Selecting the right capacity for the boiler is very important if its operation is to be economical and trouble-free. If wood heating is to replace a system, the previous fuel consumption is the best basis for calculating the future requirements and the heat load. When replacing an existing heating system, it is strongly advised to consider improving the building's insulation as the new system could then be designed to the lower requirements following renovation. If a system is installed in a new building, an accurate calculation of the heat load is highly recommended.

It often makes sense to use the biomass boiler as a base load system by under sizing the boilers and using a fossil fuel boiler as a peak load / backup system. In this way it is normally possible to provide 90%-95% of annual heat demand using a much smaller biomass boiler thus reducing capital investment costs considerably and reducing economic payback.

Fuel supply infrastructures have developed considerably in recent years. Pellets are available nationwide through Balcas based in Northern Ireland and a number of importers. Wood chips are often available locally and equipment suppliers are often able to offer a wood chip supply contract if required ensuring security of supply.

Medium and large scale
Graingers CHP plant
Grainger Sawmill Biomass CHP Plant, Co. Cork

Larger scale biomass boilers are suitable for heat, steam or electricity production.

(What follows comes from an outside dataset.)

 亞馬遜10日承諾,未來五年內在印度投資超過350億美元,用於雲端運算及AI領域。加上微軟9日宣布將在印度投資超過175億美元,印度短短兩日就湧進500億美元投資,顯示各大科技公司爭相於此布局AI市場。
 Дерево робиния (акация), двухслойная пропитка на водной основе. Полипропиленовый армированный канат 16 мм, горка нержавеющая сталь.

Designs are normally bespoke with boilers ranging in size from 1 MW upwards. Larger scale plants can be of the order 50-100 MW but these larger systems are mainly confined to the electricity power generation industry.

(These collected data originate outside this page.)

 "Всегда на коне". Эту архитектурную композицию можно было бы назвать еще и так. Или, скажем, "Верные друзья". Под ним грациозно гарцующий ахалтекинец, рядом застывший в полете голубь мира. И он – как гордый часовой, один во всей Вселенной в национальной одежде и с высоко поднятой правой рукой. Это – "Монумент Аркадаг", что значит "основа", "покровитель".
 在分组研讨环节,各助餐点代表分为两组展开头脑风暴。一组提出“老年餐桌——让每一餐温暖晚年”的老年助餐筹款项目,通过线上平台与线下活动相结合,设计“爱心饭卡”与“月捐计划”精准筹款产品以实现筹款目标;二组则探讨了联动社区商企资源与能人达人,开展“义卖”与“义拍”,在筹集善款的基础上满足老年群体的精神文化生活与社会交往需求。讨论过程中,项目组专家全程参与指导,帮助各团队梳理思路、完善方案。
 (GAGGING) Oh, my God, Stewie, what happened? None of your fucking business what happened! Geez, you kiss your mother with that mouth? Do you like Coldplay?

Heat is used within industry in a variety of ways. The simplest systems use boilers to produce heat as with smaller commercial and domestic boilers. The heat might be used within the process or more commonly for space heating purposes.

Boilers are often used to produce steam which is extensively used within industry processes. Examples include kiln drying of wood and provision of heat dairy produce processing.

The final category is that of CHP. This involves the production of high pressure steam. A proportion of the steam is used in a turbine to produce electricity. The remaining steam and low temperature steam exiting the turbine can then be used for process or space heating. For CHP systems the proportions will vary depending on the requirements of the industrial site and practical considerations with regard to technical feasibility.

High efficiency makes economic sense

Wood boilers use the latest technology to control the amount of fuel and air released to the burner. The standard size and quality of pellets ensure an extremely efficient and clean heating system. The lower cost of the fuel competes well with similar oil systems.

Coillte HQ
Wood chips/pellets boiler at Coillte Office, Wicklow

Your checklist for selecting a wood boiler

  • Efficiency of 85% or higher
  • CO2 Emissions less than 200 mg/m3
  • After sales service contract
  • Automatic cleaning
  • Good quality burn-back protection
Details on funding can be found in the 'Policy and Funding' section. Alternatively visit the Grants section of our website.

EN 303-5Heating boilers for solid fuels, hand and automatically stoked, nominal heat output of up to 300 kW

This standard is applicable to solid fuel boilers (including chip and pellet boilers). The solid fuels covered include chips, pellets, briquettes and sawdust. A boiler needs to meet a number of pre-set criteria to pass the standard. The main criterion include:

  • Minimum nominal efficiency
  • Operator / Installation manual covering minimum requirements
  • CO emissions must be below pre-defined thresholds
  • Dust emissions must be below defined thresholds
  • Organically bound carbon emissions must be below defined thresholds

It is strongly recommended that any boilers or stoves you consider purchasing have been tested to the appropriate EN standard. In this way a degree of quality can be assured.